Signal · Cash
Early-payment discount economics
Estimates the annualised return of negotiating a 2/10 net-30 style early-pay discount with suppliers you already pay early — often ~37% APR on your working capital.
Cash
What the signal measures
Estimates the annualised return of negotiating a 2/10 net-30 style early-pay discount with suppliers you already pay early — often ~37% APR on your working capital.
Why it matters
When a supplier offers "2/10 net 30" (2% discount if paid within 10 days, otherwise net 30), the annualised return on paying early is roughly 37% APR — enormous relative to any short-term savings account. Most owners either miss the offer or intuit "2% is small" and skip it. Compass computes the APR-equivalent so you can compare like-for-like with your other uses of cash.
How to act on it
If your cash position supports it, take the discount on the largest applicable bills — the £ savings compound over the year. If it does not, use the discount as leverage in your next terms negotiation. The drafted action is a supplier note either accepting the discount or opening the negotiation.

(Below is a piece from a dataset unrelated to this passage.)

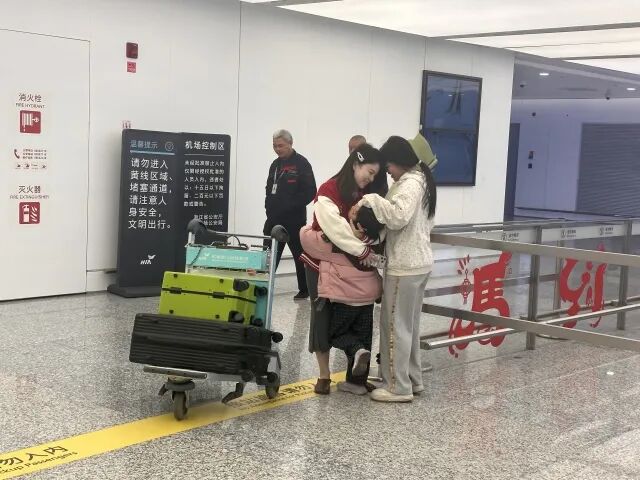 女儿出现在国际到达口后,王女士快步走上前拥抱了日思夜想的女儿,再次落泪。女儿为她擦去泪水,说自己十分想念家乡的味道。站在一旁的王女士说:“一大早就买好了回家的高铁票和食材,回到家就给女儿烧台州的咸羹,多晚也要让她吃上。”
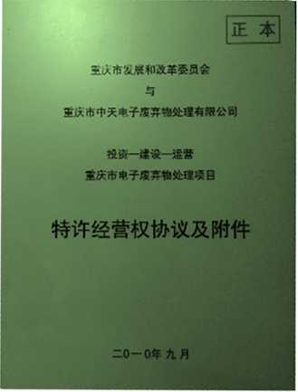 從2010年開始,公司就是重慶市政府公開招投標(biāo)確定的重慶市電子廢棄物處理特許經(jīng)營權(quán)企業(yè),在重慶市“一小時經(jīng)濟圈”范圍內(nèi)23個區(qū)縣,開展電子廢棄物綜合回收機處理處置業(yè)務(wù)。

Worked example — fixture consultancy
On the fixture we simulate a discount conversation with the office rent supplier: at £500/mo, a 2% discount is £120/year for essentially zero effort — easy yes. On a £5k software subscription the number scales linearly and becomes a small but real line-item. Compass ranks by £ impact so the biggest levers surface first.
Deterministic maths, AI writes the words.
Every number in this signal is computed by unit-tested TypeScript in
src/signals/earlyPaymentDiscountEconomics.ts.
The AI drafts only the wording of the suggested action, never a figure.